Singh V, Kumar B, Nain C K, Singh B, Sharma N, Bhalla A, Sharma A K
Department of Hepatology, Postgraduate Institute of Medical Education and Research, Chandigarh, India.
J Intern Med. 2006 Jul;260(1):62-8. doi: 10.1111/j.1365-2796.2006.01654.x.
Therapeutic paracentesis in patients with cirrhosis is associated with a circulatory dysfunction. Intravenous albumin has been used to prevent the circulatory dysfunction; however, the use of albumin is controversial and costly. Splanchnic vasodilation is mainly responsible for circulatory dysfunction in these patients. There are no reports of use of noradrenaline, a vasoconstrictor, on the prevention of paracentesis-induced circulatory dysfunction in patients with cirrhosis. Therefore, we studied the preventive effect of noradrenaline on paracentesis-induced circulatory dysfunction in patients with cirrhosis after therapeutic paracentesis and compared it with that of intravenous albumin in a randomized pilot study.

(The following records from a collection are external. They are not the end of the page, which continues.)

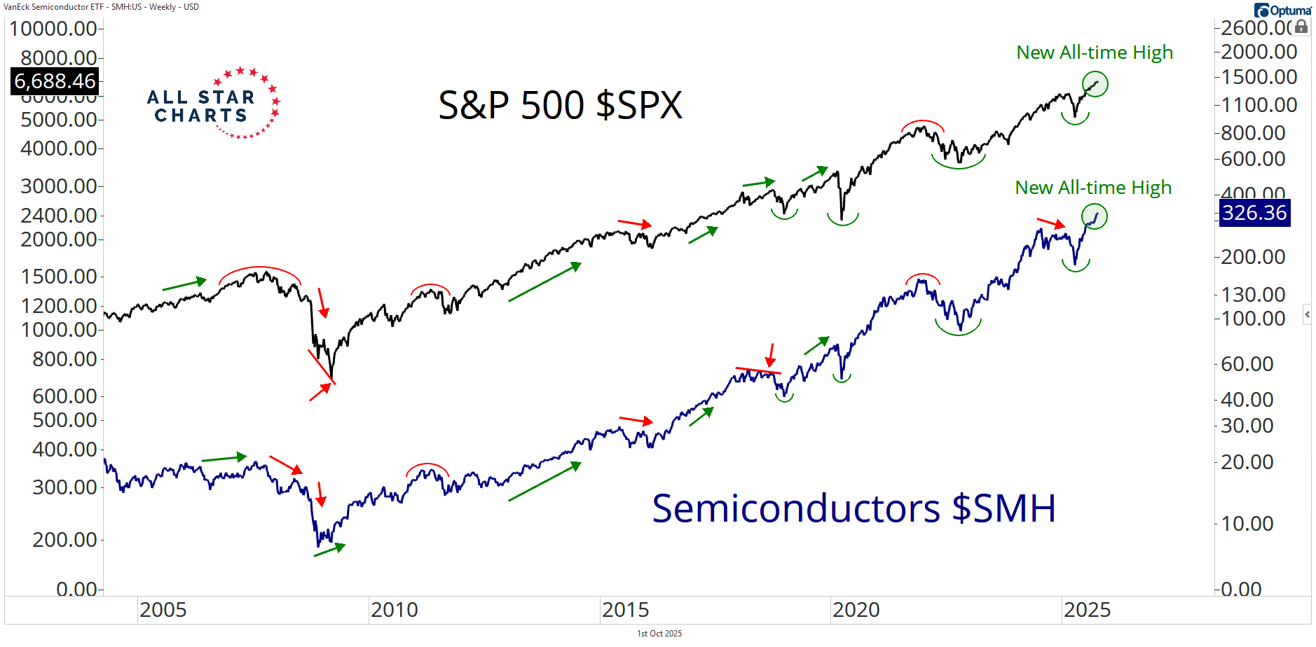 Alfonso Depablos, CMT From Rails to Chips October 1, 2025 Dow Theory has always been one of my favorite topics.It’s wild how principles from over 100 years ago still apply today.Back then, Charles Dow split the market into two groups: the companies that made the goods (Industrials) and the ones that delivered them (Railroads).But in today’s world, goods and services are powered and delivered in a huge way by Technology — and at the center of it all are Semiconductors.We've added Semiconductors to our analysis as we view these companies as modern transportation stocks.They are the ultimate risk-on barometer. As they go, the market goes. History has shown time and again just how critical this group is.And here they are, making new all-time highs alongside the S&P.For me, it’s really hard to fight the tape, especially at the index level when these stocks are doing well.So I’m sticking with the trend, following the evidence, and letting the market prove me wrong if conditions change.Stay sharp,Alfonso De PablosDirector of Research, All Star Charts Filed Under: Alfonso, ASC Share Article
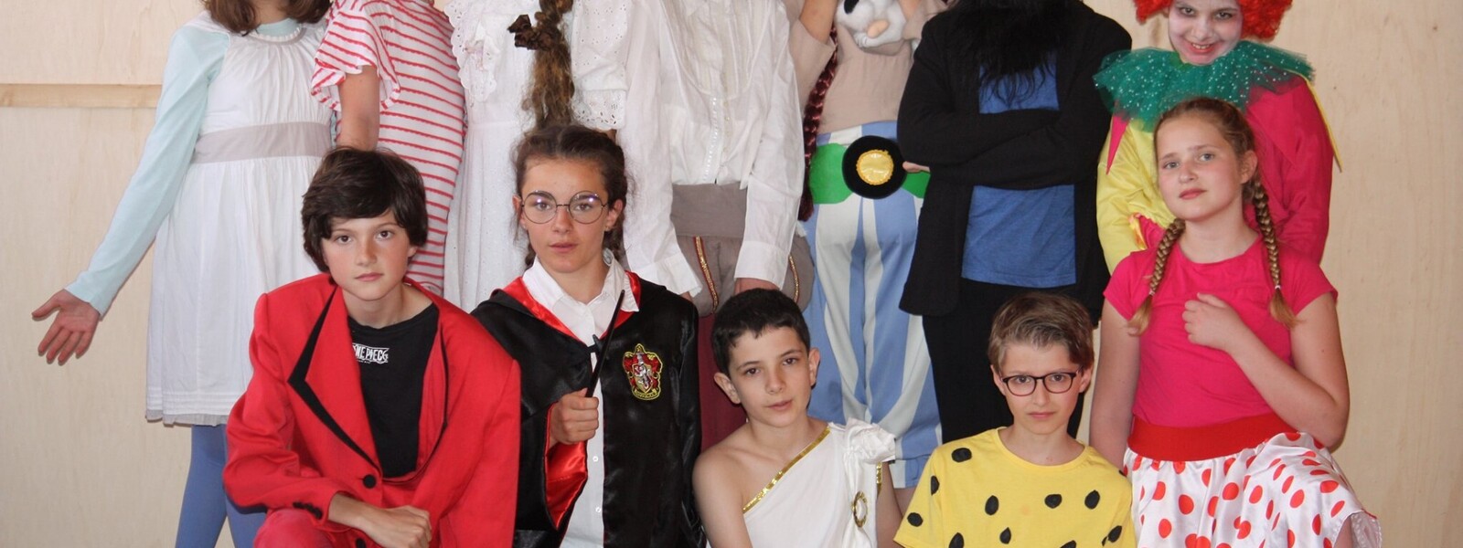 Le stage se conclue par une présentation des saynètes créées pendant la semaine devant les familles.
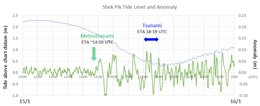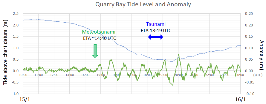 A schematic diagram in Figure 8 shows the fast moving atmospheric pressure wave triggering meteotusnami wave as well as amplification of long waves associated with meteotsunami and tsunami due to shoaling effect of the South China Sea continental shelf though there is energy dissipation through friction and turbulence. The meteotusnami waves reached Hong Kong around 3-4 hours before the estimated time of arrival of tsunami waves, and around 2.5 hours after the arrival of the first atmospheric pressure wave. The coupling of meteotsunami waves and tsunami waves makes it difficult to identify the arrival time of tsunami waves from time series analysis. The tsunami waves brought slight changes to the water levels in Hong Kong. The maximum amplitude of the tsunami waves was estimated to be about 7 cm at Quarry Bay and about 10 cm at Shek Pik (Figure 9).
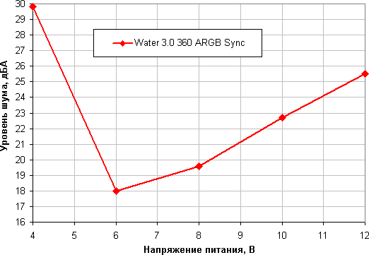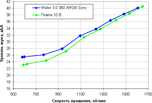 Зависит, конечно, от индивидуальных особенностей и других факторов, но где-то от 40 дБА и выше шум, с нашей точки зрения, очень высокий для настольной системы; от 35 до 40 дБА уровень шума относится к разряду терпимых; ниже 35 дБА шум от системы охлаждения не будет сильно выделяться на фоне типичных небесшумных компонентов ПК — корпусных вентиляторов, вентиляторов на блоке питания и на видеокарте, а также жестких дисков; а где-то ниже 25 дБА кулер можно назвать условно бесшумным. В данном случае охватывается почти весь указанный диапазон, то есть в зависимости от скорости вращения вентиляторов система может быть как шумной, так и очень тихой. Однако даже на минимальной скорости вращения вентиляторов шум от системы немного выше формального порога в 25 дБА. Причина в том, что шум только от работающей помпы при питании от 12 В составил 25,5 дБА. Приведем зависимость уровня шума только помпы от напряжения питания.
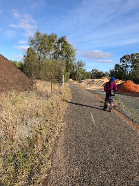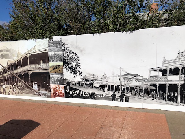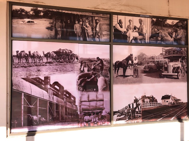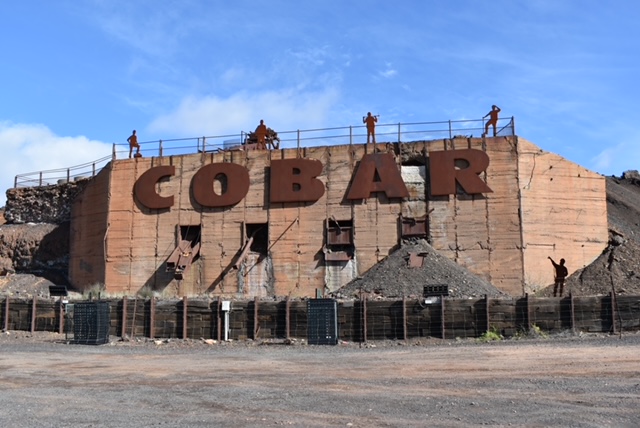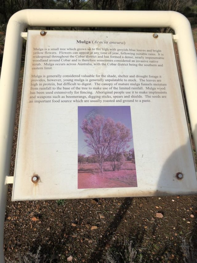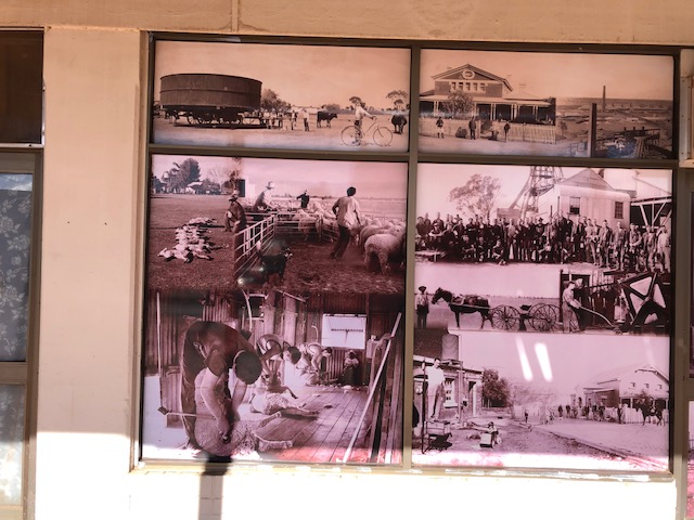 A very cool start to the day didn’t encourage us to rush out of bed. Eventually we left our cosy bed and ate breakfast. We drove back into town and parked near the supermarkets so we could grab a few things for lunch and dinner. As we walked along the main street we noticed a photo mural wall detailing various stages in the history of Cobar. Very interesting.
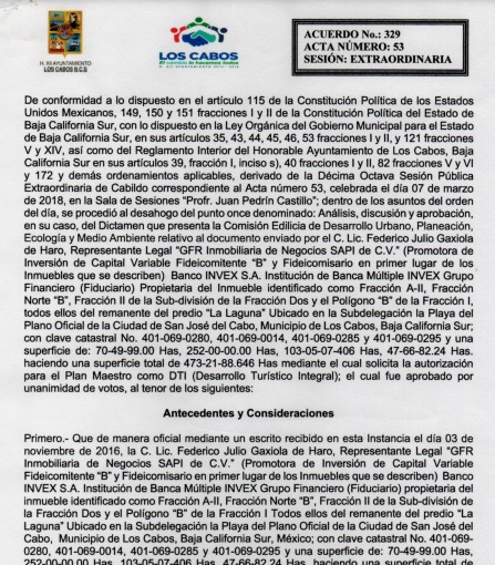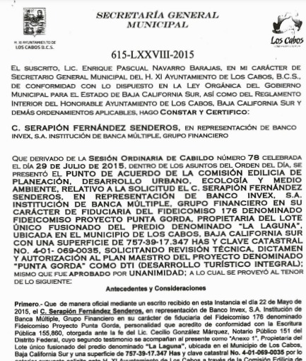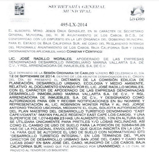 En el dictamen de autorización por cabildo del plan maestro de East Cape Vidanta, el 12 de septiembre del 2014, durante el periodo de gobierno de Antonio Agúndez, se estipula:
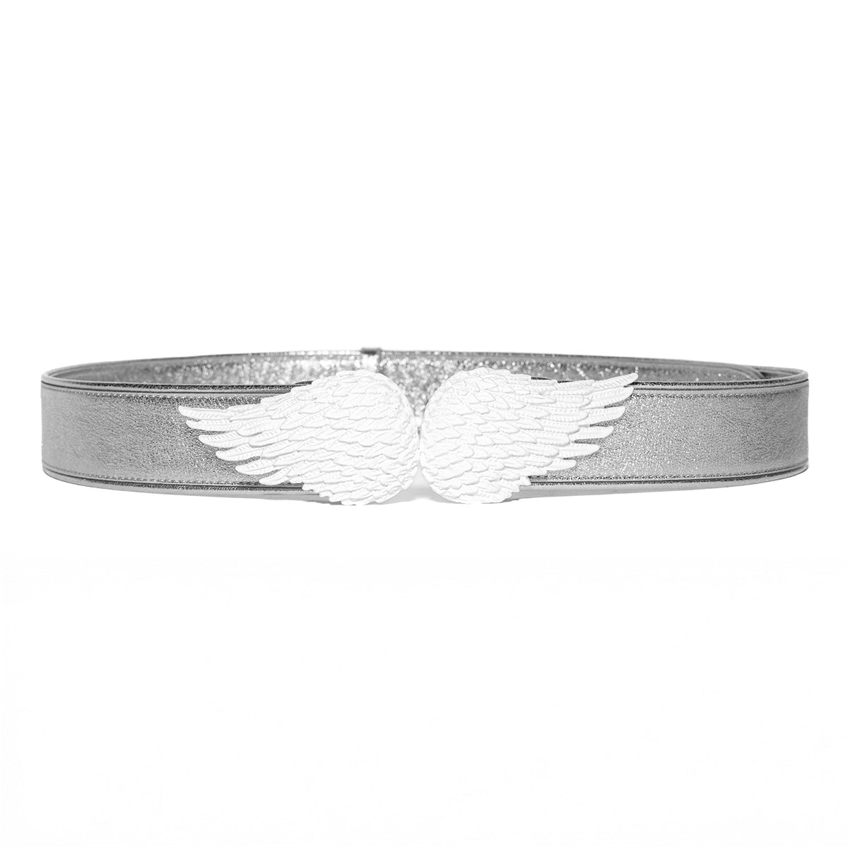 Il fusto in pelle liscia argentata, rifinito da un piping argentato, unisce eleganza e carattere. La fibbia gioiello disegnata in esclusiva raffigura ali in metallo inciso, dipinta di bianco ricche di dettagli che evocano leggerezza e forza.
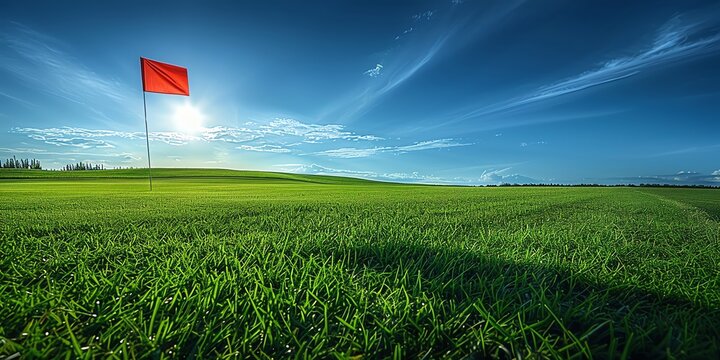 Vibrant green golf course with a red flag under a clear blue sky, perfect for outdoor sports enthusiasts.
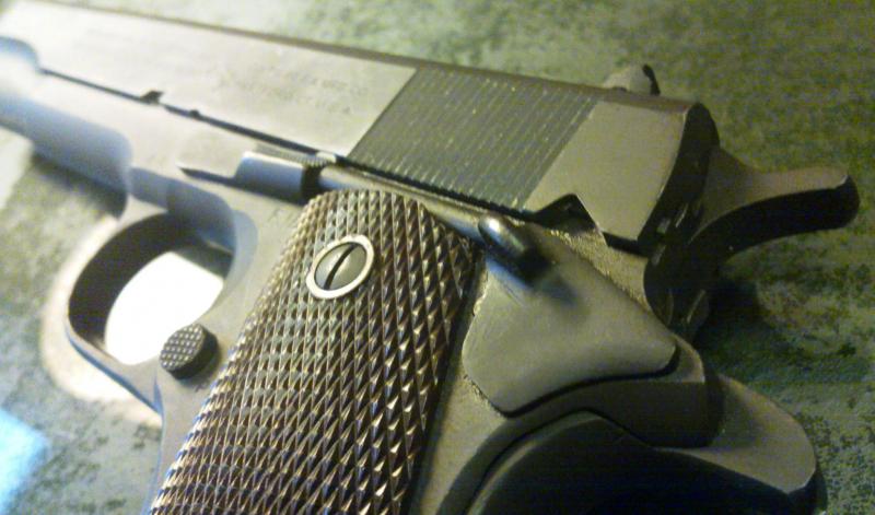 Así que ahí van algunas de mi Colt 1911 A1, fabricada para la US Army en 1.943. Por cierto, el único punzón de banco de pruebas que lleva es el de EEUU. La compré en Alemania, por lo que supongo (repito, supongo) pudiera ser alguna de las capturadas a los USA durante la II G. Mundial.
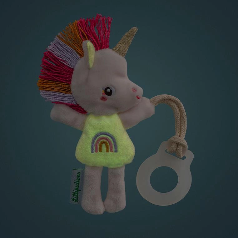 Mini-przytulanka do spania Jednorożec Lena belgijskiej marki Lilliputiens to wspaniały pierwszy przyjaciel maluszka. Jest idealna do tulenia, uspokajania i usypiania. Ma postać białego jednorożca z bujną kolorową grzywą i rogiem, sznurkową zawieszką do której można przymocować smoczek (na dwa sposoby) oraz z fluorescencyjnymi uszami i brzuszkiem (świecą w ciemności). Przytulanka jest dość płaska, więc może pełnić także funkcję komfortera. Jest solidnie wykonana i bezpieczna. Aktywizuje zmysł dotyku i wzroku, pomaga w zasypianiu i wyciszaniu się.
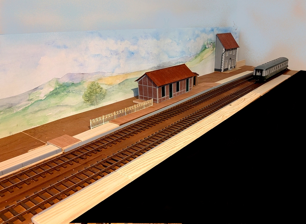 - route en asphalte le long de la gare pour arriver à la guinguette
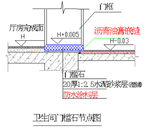 2、卫生间门框、门套要安装在门槛石之上,门槛石缝隙用沥青油膏嵌缝。
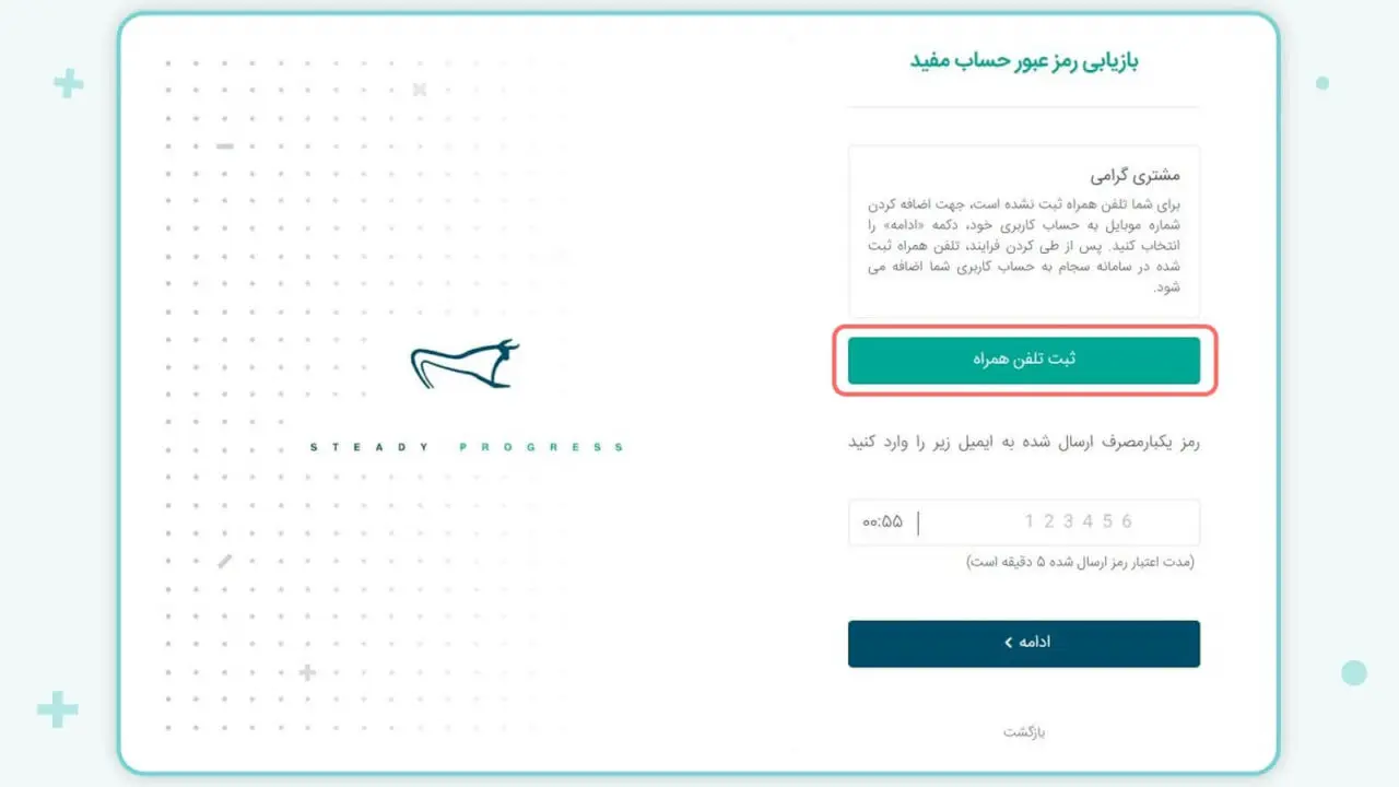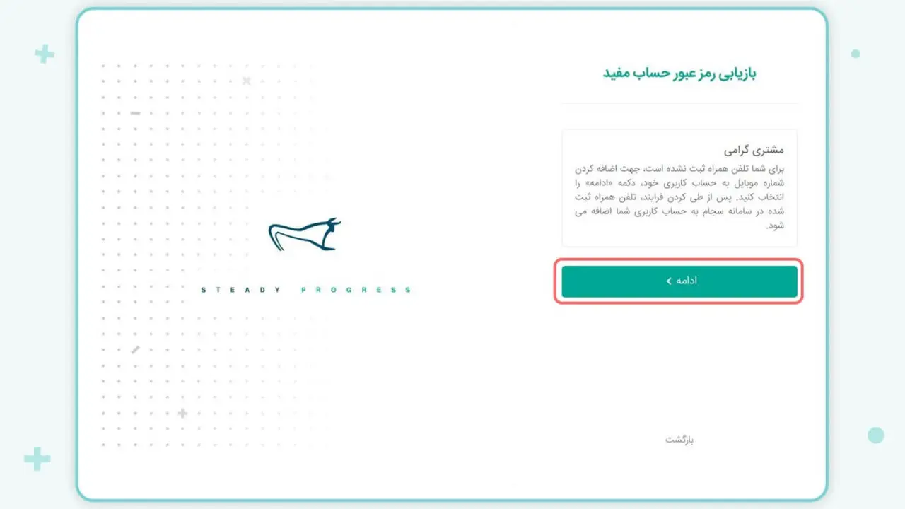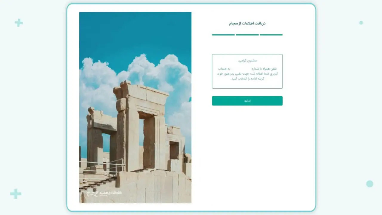 در این صورت کافی است مطابق تصاویر فوق، روی «ادامه» یا «ثبت تلفن همراه» کلیک کنید. در مرحله بعد «دریافت اطلاعات از سجام» را انتخاب کنید.

Forty patients with cirrhosis and tense ascites underwent therapeutic paracentesis with albumin or noradrenaline in a randomized controlled trial at a tertiary centre. Effective arterial blood volume was assessed by measuring plasma renin activity at baseline and at 6 days after treatment.
Effective arterial blood volume as indicated by plasma renin activity before and 6 days after paracentesis did not differ in the two groups (20.62 +/- 10.27-22.02 +/- 10.15 ng mL(-1) h(-1); P = 0.11 in the albumin group and 19.66 +/- 8.91-20.78 +/- 9.41 ng mL(-1) h(-1); P = 0.37 in the noradrenaline group). Plasma aldosterone concentration before and 6 days after paracentesis were also similar in both groups (1196.5 +/- 434.2-1217.0 +/- 405.7 pg mL(-1); P = 0.7 in the albumin group and 1206.0 +/- 522.5-1273.5 +/- 444.8 pg mL(-1); P = 0.22 in the noradrenaline group). The cost of noradrenaline treatment was significantly lower when compared with that of albumin (P < 0.001).
Noradrenaline is as effective as albumin in preventing paracentesis-induced circulatory dysfunction in patients with cirrhosis after therapeutic paracentesis, but at a fraction of the cost.
肝硬化患者进行治疗性腹腔穿刺放液与循环功能障碍相关。静脉输注白蛋白已被用于预防循环功能障碍;然而,白蛋白的使用存在争议且成本高昂。内脏血管舒张是这些患者循环功能障碍的主要原因。尚无关于使用血管收缩剂去甲肾上腺素预防肝硬化患者腹腔穿刺放液引起的循环功能障碍的报道。因此,我们在一项随机对照试验中研究了去甲肾上腺素对肝硬化患者治疗性腹腔穿刺放液后腹腔穿刺放液引起的循环功能障碍的预防作用,并将其与静脉输注白蛋白的预防作用进行比较。
在一家三级中心,40例肝硬化合并大量腹水患者在一项随机对照试验中接受了白蛋白或去甲肾上腺素治疗性腹腔穿刺放液。通过在基线和治疗后第6天测量血浆肾素活性来评估有效动脉血容量。
两组患者腹腔穿刺放液前及放液后6天血浆肾素活性所提示的有效动脉血容量无差异(白蛋白组:20.62±10.27 - 22.02±10.15 ng mL⁻¹ h⁻¹;P = 0.11;去甲肾上腺素组:19.66±8.91 - 20.78±9.41 ng mL⁻¹ h⁻¹;P = 0.37)。两组患者腹腔穿刺放液前及放液后6天的血浆醛固酮浓度也相似(白蛋白组:1196.5±434.2 - 1217.0±405.7 pg mL⁻¹;P = 0.7;去甲肾上腺素组:1206.0±522.5 - 1273.5±444.8 pg mL⁻¹;P = 0.22)。与白蛋白相比,去甲肾上腺素治疗的成本显著更低(P < 0.001)。
在预防肝硬化患者治疗性腹腔穿刺放液后腹腔穿刺放液引起的循环功能障碍方面,去甲肾上腺素与白蛋白效果相当,但成本仅为白蛋白的一小部分。